Temozolomide (TMZ) is considered to be standard chemotherapy for the treatment of glioblastoma, but may cause lymphocytopenia thus potentiating the risk for opportunistic infections. Although one might anticipate that recurrent CMV infection may be precipitated by temozolomide immunosuppression, few cases of TMZ-induced cytomegalovirus (CMV) recurrent infection have been reported. Herein, we report a patient with malignant glioma who developed CMV pneumonia following TMZ therapy. The patient developed significant recurrent CMV infection with pneumonitis diagnosed by PCR (DNA analysis). Antiviral treatment with intravenous ganciclovir was administered. For patients with prior CMV exposure, it would be prudent to monitor CMV viral loads periodically to avoid recurrent CMV infection after exposure to TMZ and corticosteroid chemotherapy.

Key words

Temozolomide CMV gliobastoma

Introduction

Temozolomide (TMZ) is an oral alkylating agent with antitumor activity approved for the treatment of newly diagnosed glioblastoma multiforme and refractory anaplastic astrocytoma [1,2]. The combined use of TMZ chemotherapy with radiotherapy after surgical resection has

resulted in a statistically significant survival benefit for up to five years of follow up, compared with radiotherapy alone for the treatment of glioblastoma [3,4]. However, TMZ use is not without potential harmful effects. Myelotoxicity related to TMZ has been reported in 3.5-7% of patients [4-6]. Due to its production of lymphocytopenia, TMZ is thought to promote opportunistic infection, due to Pneumocystis jirovecii as well as other pathogens such as cytomegalovirus (CMV). Concurrent steroid usage may also enhance the risk for these infections. Prophylaxis against Pneumocystis jirovecii pneumonia is routinely advised by the United States Food and Drug Administration and is to be continued until normalization of the lymphocyte count has been achieved. Herein, we report a case of CMV infection that occurred in patient treated with TMZ therapy.

Case report

A 52 year old male was admitted to the hospital with worsening dyspnea on exertion of one week. He had previously been diagnosed with a grade IV glioblastoma tumor (World Health Organization Classification 2000). Treatment for the malignancy consisted of radiotherapy and concomitant TMZ (75 mg/kg per day) after surgical resection of his tumor. He received only ten capsules of TMZ before it was stopped because of elevated liver enzymes (aspartate aminotransferase 609 Units/L and alanine aminotransferase 1658 Units/L). He had also been taking dexamethasone 6 mg/day to reduce tumor-induced cerebral edema for at least 3 weeks before his admission to the hospital. He had not been prescribed prophylactic trimethoprim-sulfamethoxazole. Complete blood count monitoring was undertaken while undergoing his chemotherapy treatment and demonstrated a consistent lymphocytopenia (consistently <0.60×10⁹/L).

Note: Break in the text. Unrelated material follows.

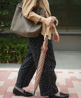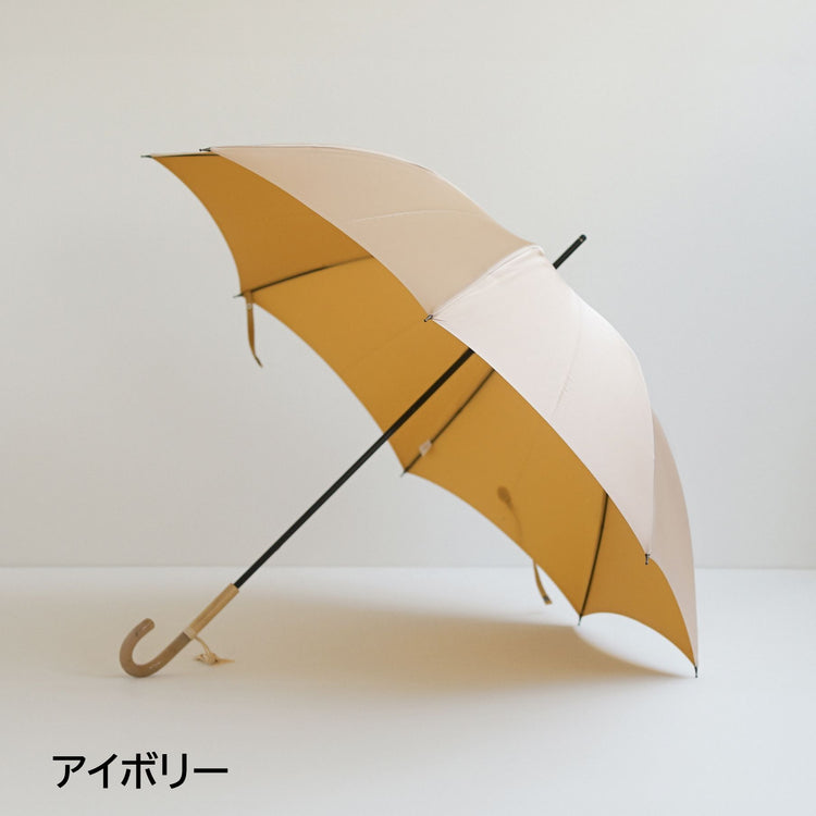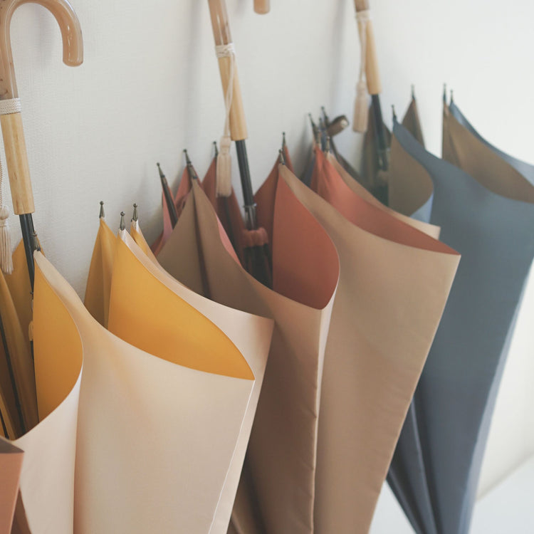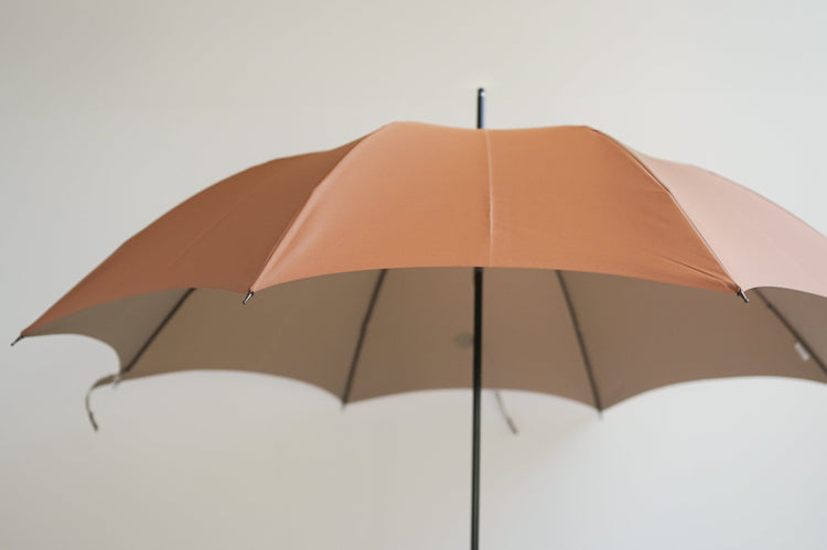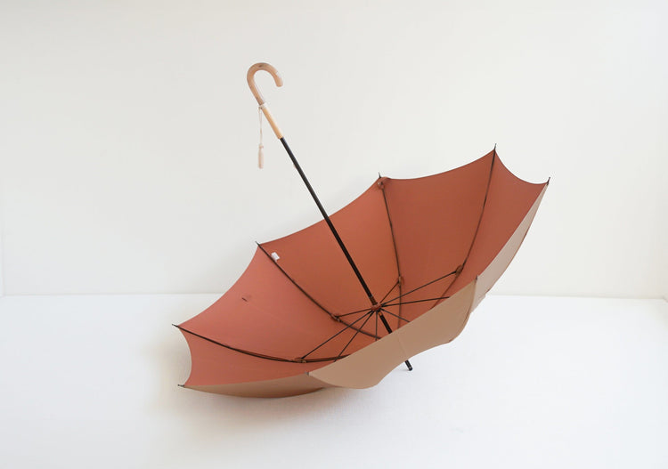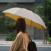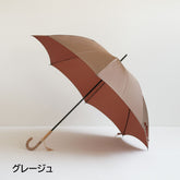 This is a rain or shine long umbrella made of Koshuori fabric, which is yarn-dyed and woven so that the front and back sides have different colors. The new standard "Tuprai" incorporates nuanced colors and combines a color variation that is easy to match with any season's fashion with the luxurious feel of Koshu-ori fabric. The color of the name band accentuates this smart long umbrella. The handle (handle made of acrylic and natural wood) also adds to the umbrella's charm.

At the time of his presentation to the hospital, he complained of dyspnea, fatigue, and a dry cough, but no fever. Upon physical examination, his blood pressure was 110/60 mm Hg, pulse 85 beats/minute and the respiratory rate was 25 breaths/minute. On auscultation, the patient displayed respiratory crackles throughout both lung fields posteriorly. His complete blood count revealed leukopenia and thrombocytopenia with an absolute lymphocyte count of 0.0×10⁹/L. No abnormality was detected in his serum electrolytes except for hyponatremia related to syndrome of inappropriate anti-diuretic hormone and elevated liver enzymes thought to be drug-induced secondary to TMZ. With oxygen supplementation of 4 L/minute via nasal prongs, his oxygen saturation was 89%.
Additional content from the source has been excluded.